There is a sense of silence. Sighing (as a job well done) resting, joy for a job well completed. To then stop, cease from all and contemplate and be.
We can imagine the heavenly silence, even an echo of that silence. Stillness, and yet welling up of a joy from somewhere deep within, of something new that was never before.
He ceased from His labours and drew breath. All that had been in Yahweh’s heart and mind completed as he thought and spoke those desires. He closed His eyes and heard the new murmur of creation. He could hear through time an echo of all the blessings, pleadings, joy, laughter, sorrows prayers of every creature he had created and through “Adam” He would continue to generate. He heard an echo of creation in travail, in awe, in joy. He heard the dawn break through the darkness. He heard the light crown the day. He heard the winds caress the trees and waters shimmering like pearls. He heard the freshness of green and the lion and the lamb frolicking together. He heard the joy of food for the earthly and for the eternal journey. He heard the murmur of the heavens and seas, and of the beasts wild and tame. In that moment of creation Yahweh created and was well pleased and declared that all was “very good.”

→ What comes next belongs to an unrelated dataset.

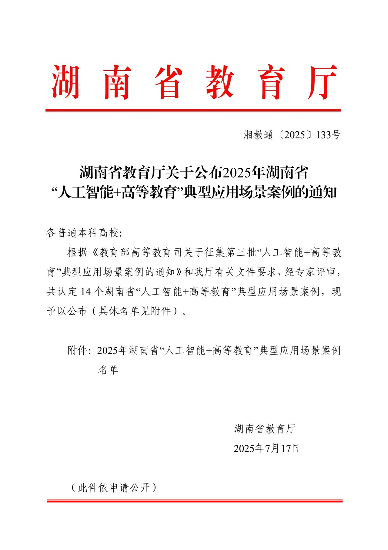 湖南省教育厅关于公布2025年湖南省 “人工智能+高等教育”典型应用场景案例的通知
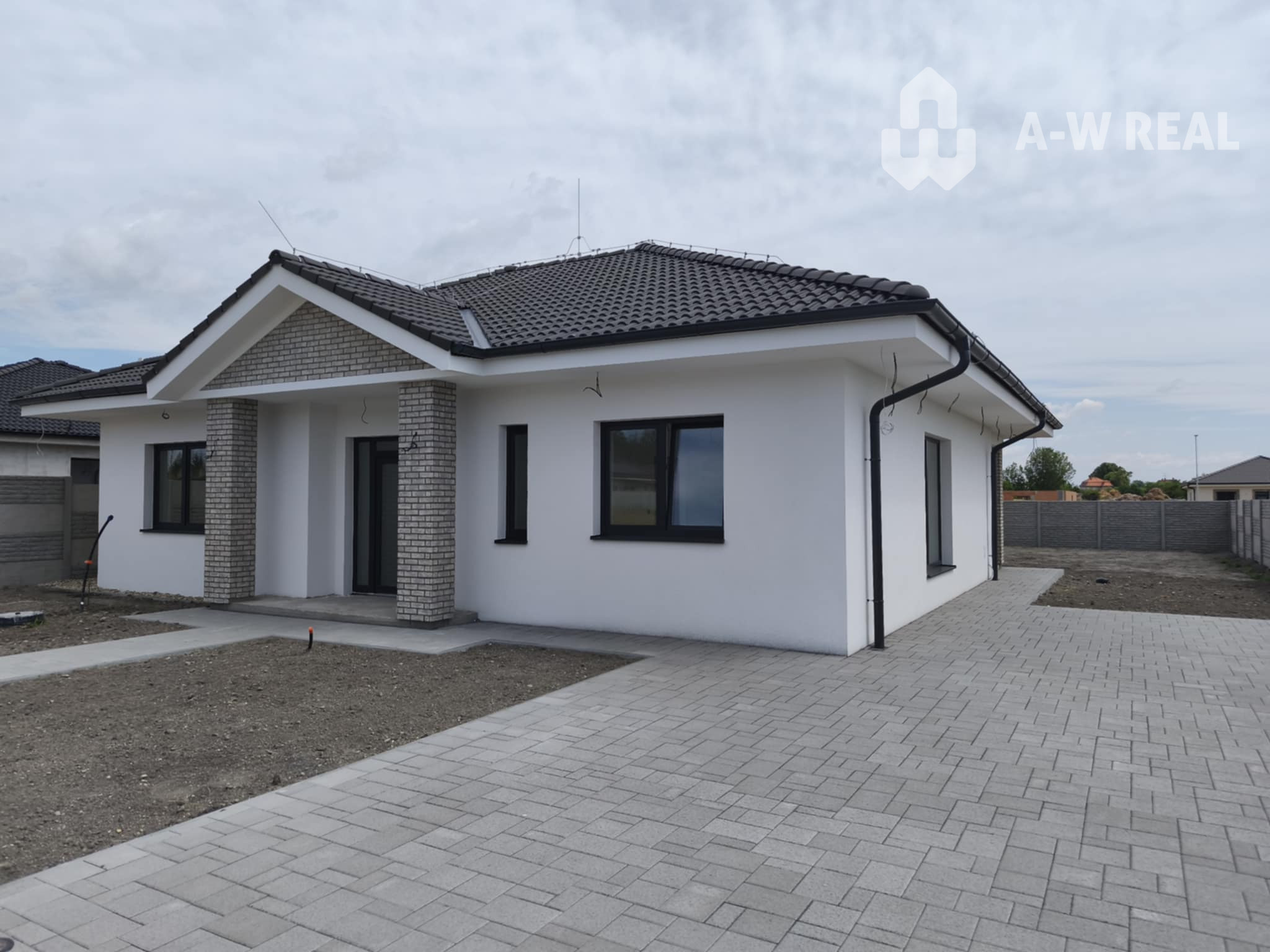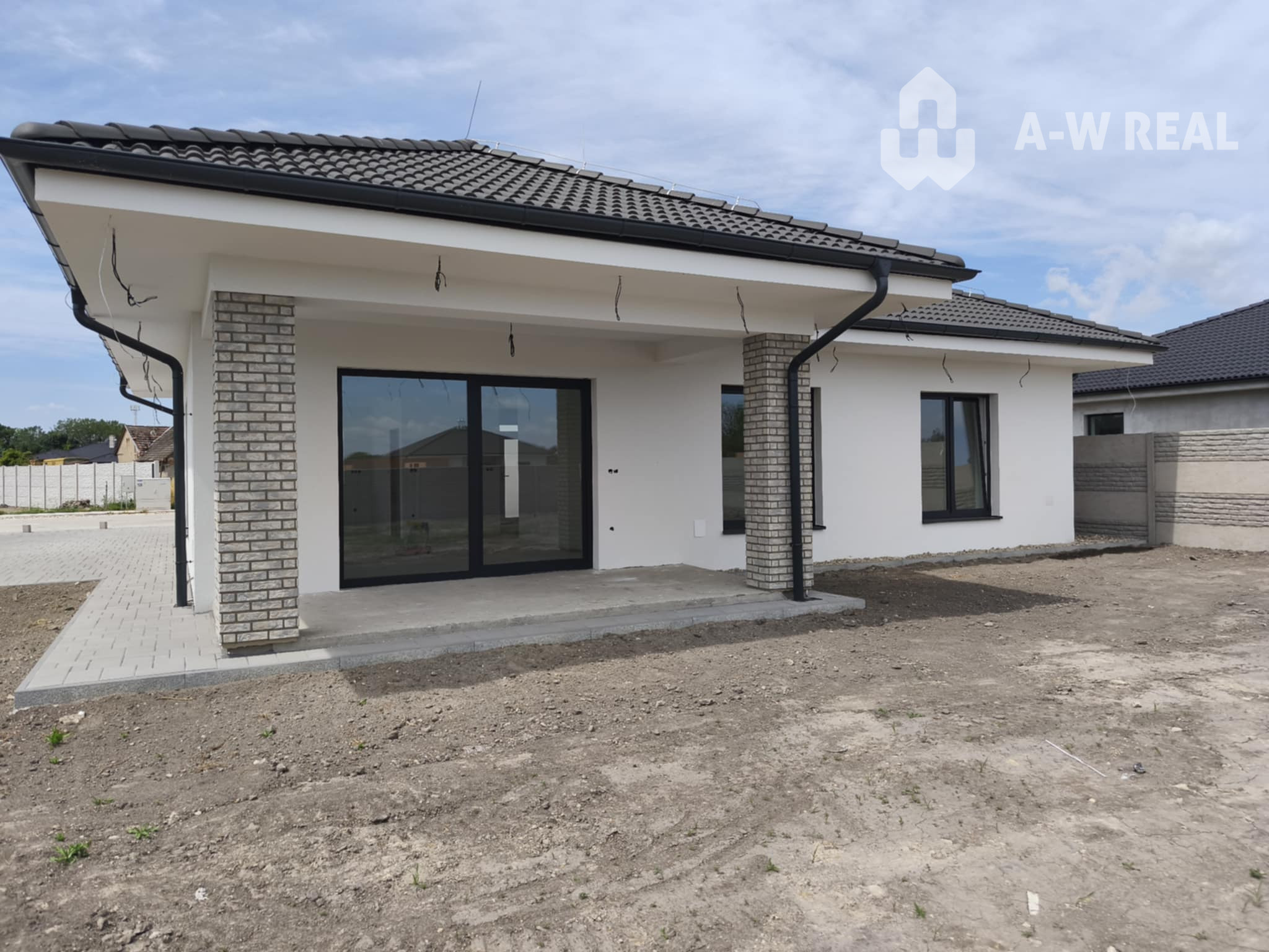 Realitná kancelária A-W Real Vám ponúka na predaj nádherný, atraktívny, priestranný, samostatne stojací 4-izbový, nepodpivničený, jednopodlažný rodinný dom v obci Povoda pri Dunajskej Strede v novovybudovanej štvrti v časti Lidér Tejed blízko hlavnej cesty 63.

On the seventh day He ceased from his Labours and drew breath and in the silence between the inhaling and exhaling of His breath He heard the stream of creation parade through time in all its glory. In the silence He heard the footsteps of man. “In our image and likeness” in whose reflection He was able to see His own countenance and that of His own son reflected. In the silence of the 7th day, He heard an echo of need and said “Let there be” On the 7th day he ceased from his labours and drew breath and saw His work transformed from the palette of his heart and vision into the concrete reality. On the 7th Day he ceased from his labours and celebrated Shabbat.Shabbat, the day to stand and even hear the stillness, and in the act of stillness to hear all creation worship Him. On the 7th day He ceased from his labours and drew breath and returned to the centre of His being for there was no more to do. No more originals because He had created the templates in the image of His son, whose own name among “children of Adam” would be Immanuel. He had created the works of love and life and now rested for it was now the 7th day and ……. Shabbat.